Влюбленный призрак - страница 50
Жизнь и Смерть не смешиваются. Им никогда не дано танцевать вместе, потому что каждая из них претендовала бы на то, чтобы вести в паре. Они сосуществуют лишь потому, что являются взаимозависимыми. По правде говоря, они презирают друг друга, как ночь презирает день, и наоборот. Будь они двойняшками, то придушили бы друг дружку еще в колыбели. Каждой из них присущ свой собственный отчетливый запах. У всего живого — запах теплый, органический, развивающийся. Аромат смерти холоден и неизменен.
От Стюарта Пэрриша исходили оба этих запаха. В соответствии с тем, чему Лоцман когда-либо научился или испытал в жизни, это было невозможно. Раньше пес не распознал смеси этих запахов, потому что ее не существовало — или, скорее, ей следовало существовать не более, чем холодному огню или горячему льду. Ничто не может быть одновременно живым и мертвым. Но со Стюартом Пэрришем дело обстояло именно так. Теперь Лоцман понимал, что любая сущность, в которой смешаны оба запаха, представляет собой самую большую опасность изо всех, с которыми он когда-либо сталкивался.
Так что Лоцман бежал. Летел. Передвигался со всей быстротой, на которую способны были его лапы. И, пока он бежал, на уме у него было только одно — убраться как можно скорее прочь. Когда пес одолел полквартала, ему захотелось оглянуться, не преследует ли его этот невозможный человек, но он понимал, что еще рано. Беги дальше. Дальше и дальше, потому что никто не знает, с какой скоростью может передвигаться это существо, если захочет тебя поймать.
Совершенно сбитый с толку внезапным безумным броском, предпринятым псом, Пэрриш изумленно покачал головой и уселся на крыльцо. Он смотрел, как бежит Лоцман, как хлещет по земле черный поводок, оказываясь то позади него, то впереди, пока пес не скрылся из виду. Тогда Пэрриш полез во внутренний карман пиджака и вытащил сигару. Он приберегал ее для чудной спокойной минутки, когда бы он смог где-нибудь присесть, расслабиться и выкурить ее, ни о чем не тревожась. Сейчас, когда пес сбежал, можно было позволить себе несколько минут посидеть, не торопясь покурить, а затем отправиться к дому Даньелл Войлес, благо тот был неподалеку, всего в нескольких кварталах отсюда.
Сигара была гондурасской, и у нее был слегка приторный вкус, как у всякого не кубинского табака.
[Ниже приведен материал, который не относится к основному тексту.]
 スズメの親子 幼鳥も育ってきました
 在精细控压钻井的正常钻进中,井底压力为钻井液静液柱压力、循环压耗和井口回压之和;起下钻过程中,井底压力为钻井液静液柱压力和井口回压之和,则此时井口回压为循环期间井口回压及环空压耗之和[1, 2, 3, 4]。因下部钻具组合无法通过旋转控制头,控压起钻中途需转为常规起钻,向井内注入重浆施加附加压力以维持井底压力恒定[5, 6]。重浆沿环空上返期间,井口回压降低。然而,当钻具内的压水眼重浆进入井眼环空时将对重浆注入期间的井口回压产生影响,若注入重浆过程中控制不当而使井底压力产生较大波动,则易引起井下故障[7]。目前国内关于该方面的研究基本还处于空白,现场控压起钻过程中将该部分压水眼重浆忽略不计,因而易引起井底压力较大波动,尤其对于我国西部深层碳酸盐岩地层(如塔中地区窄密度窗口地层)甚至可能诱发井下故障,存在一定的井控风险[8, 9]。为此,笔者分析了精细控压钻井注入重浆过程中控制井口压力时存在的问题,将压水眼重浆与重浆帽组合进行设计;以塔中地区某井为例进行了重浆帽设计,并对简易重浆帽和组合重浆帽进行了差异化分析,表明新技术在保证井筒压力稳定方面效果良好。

Она была похожа на самого Пэрриша — хороша, ничего не скажешь, но… В точности как я, подумал, Пэрриш, пуская дымок на ветер: хорош, но… И в этом все дело.
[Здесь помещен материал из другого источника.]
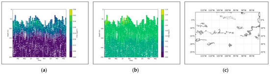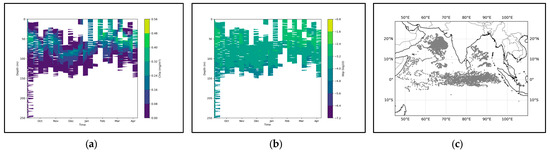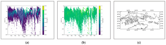 Among them, represents the depth corresponding to the maximum chlorophyll content in each 1° × 1° grid section. Thickness represents the thickness of the pycnocline, measured in meters, and the value selected is the difference between the upper and lower boundaries of the pycnocline. Intensity refers to the peak value of the intensity in the pycnocline profile, measured in milligrams per cubic meter. Depth represents the depth at which the density change rate is the greatest, also measured in meters, and it is used to correspond with the position of the maximum value of chlorophyll. represents the weight coefficient. In the selected region, we use the above equation as the way to describe the parameters of SCM. To verify the accuracy of the results, we matched similar BGC-Argo data on a temporal and spatial scale, which serves as an important reference for a more detailed description of the seasonal variation process.
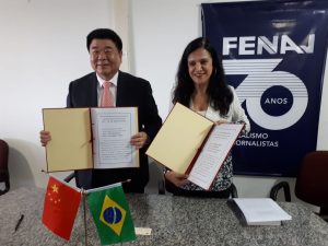 A Federação Nacional dos Jornalistas (FENAJ) e a Associação de Jornalistas de Toda a China (AJTC) assinaram ontem, 2, um acordo de cooperação que prevê intercâmbio de informações e ações conjuntas das duas entidades, além da recepção recíproca de jornalistas dos dois países. O acordo de cooperação foi assinado pela presidenta da FENAJ, Maria José Braga, e pelo secretário-executivo da AJTC, Sr. Zhang Baixin.

Получасом позже он в последний раз затянулся тем немногим, что оставалось от сигары. Закинув голову, разом выпустил весь дым. Густое желтоватое облако получилось настолько плотным, что неподвижно зависло у него над головой. Не оглянувшись, не станет ли кто свидетелем того, что последует дальше, Стюарт Пэрриш взобрался в облако сигарного дыма и исчез.
Через мгновение он возник в спальне Фатер Ландис, в ее родном доме. Там никого не оказалось, и это было ему на руку, потому что давало время сосредоточиться и выполнить работу без помех. Смешно было бы встретить малышку Ландис и услышать детский голосок: что это вы делаете в моей комнате?
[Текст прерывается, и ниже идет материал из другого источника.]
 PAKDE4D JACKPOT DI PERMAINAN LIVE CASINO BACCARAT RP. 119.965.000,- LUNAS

Он расхаживал по ее спальне, беря разные вещицы, взвешивая их в руке, словно это были фрукты и он прикидывал, стоит ли их покупать, а затем кладя их в точности там, где взял. Время от времени Пэрриш бормотал «хммм» или «не-а», но по большей части продолжал поиски молча. Им были осмотрены куклы, пенал, часики с маятником и прочие штуковины. Каждую из них он тщательно осматривал и опускал на место. Наконец на глаза ему попался красный камень на полке. Любопытствуя, почему там хранится такой невзрачный предмет, он снял его оттуда. Прошло более одной или двух секунд, прежде чем он улыбнулся и сказал: «Вот оно». Положив камень в карман, он покинул детскую комнату. Теперь ему надо было разыскать Даньелл.
— Где этот человек сейчас? — спросила Фатер у Даньелл Войлес.
— В квартире вашего приятеля.
— Так он не ждет вас снаружи, на стоянке?
Даньелл помотала головой.
— Нет, он сказал, что будет ждать нас у вашего молодого человека.